Melanoma patients treated with BRAF V600 inhibitors rapidly develop drug resistance; therefore, the development of new treatment strategies is essential. Considering that HSPA5 plays a role in chemoresistance development both inside and outside the ER, we tested the effects of HA15 on different melanoma cell lines resistant to BRAF inhibitors, and melanoma cells freshly isolated from patients who became resistant to BRAF inhibitors. We noted in all cells tested, in vitro and in vivo, a strong induction of resistant cell death by concomitant autophagy and apoptosis after HA15 treatment that was emphasized with the utilization of ER stress inducers in melanoma treatment. Recent reports indicate that BRAF inhibitor-resistant tumors present with increased ER stress and autophagy and that ER stress-induced autophagy could be a potential prosurvival mechanism that contributes to the resistance. Interestingly, our compounds may provide an effective alternative to convert, by the same mechanisms, these protective effects into signals of death to overcome BRAF inhibitor resistance.

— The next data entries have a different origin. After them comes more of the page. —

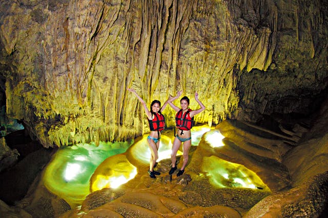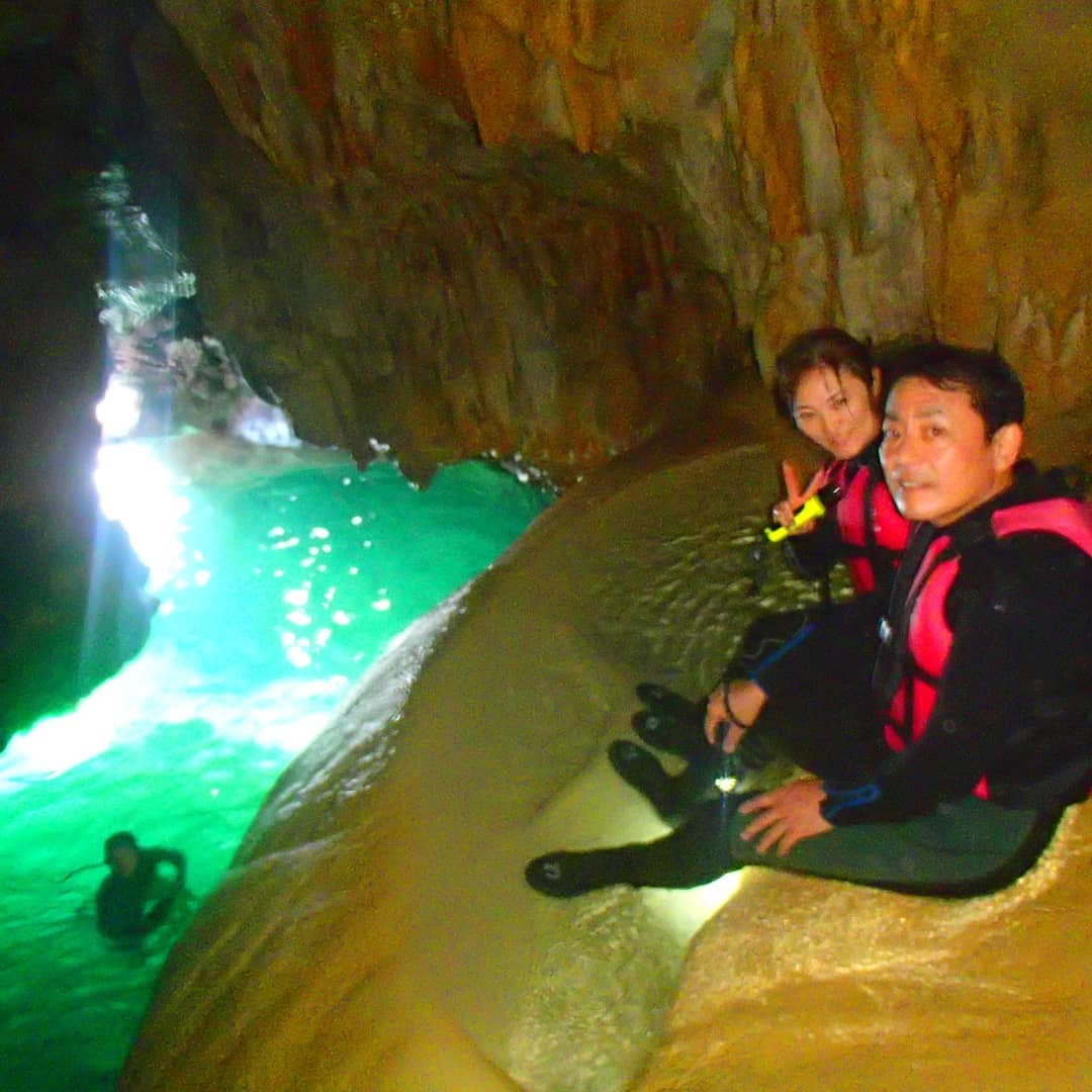 地下水に冷やされた洞窟内の冷気とミヤコブルーが織りなす審美空間を体験できます。
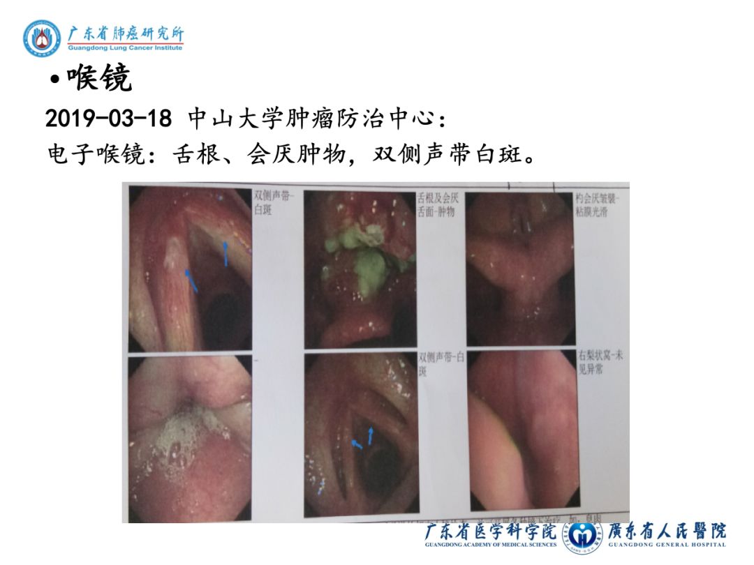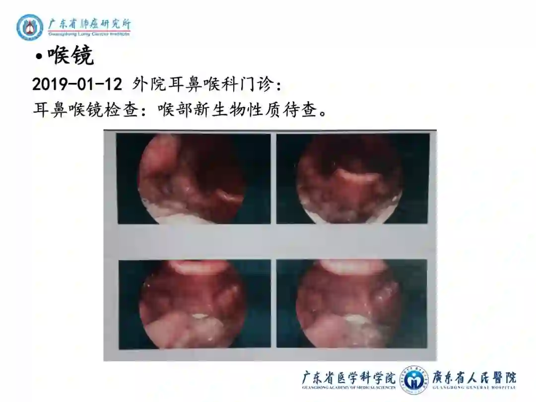 ① 喉前庭、舌骨后方占位病变(大小约1.6cm×2.3cm),考虑新生物,喉癌可能性大,建议活检。
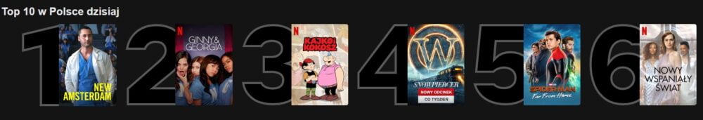 Oddzielnie rankingi filmów i seriali prezentują się następująco:

Finally, we have tested if targeting HSPA5 to induce ER stress could be a useful strategy in the treatment of other forms of cancer types. To examine this possibility, we used a panel of solid and liquid tumors. Interestingly, we have observed that HA15 treatment induced ER stress, autophagy and apoptosis in all the tested cell lines including ImaR, an acute myeloid leukemia cell line, and MiaPaca, a pancreas cancer cell line, which are resistant to the classical therapies using Imatinib and Gemcitabin, respectively.
To conclude, using structure-activity relationship studies, we have discovered and developed a series of new molecules (thiazole benzenesulfonamides) exhibiting strong lethal effects in melanoma cells. The lead compound HA15 displays antimelanoma effects by targeting the ER stress axis to induce specific cancer cell death by concomitant induction of autophagy and apoptosis. These results highlight the key role of this specific pathway in melanoma malignancy and cancer, strengthening the idea that ER stress inducers could be useful in the future treatment of a various spectrum of cancers.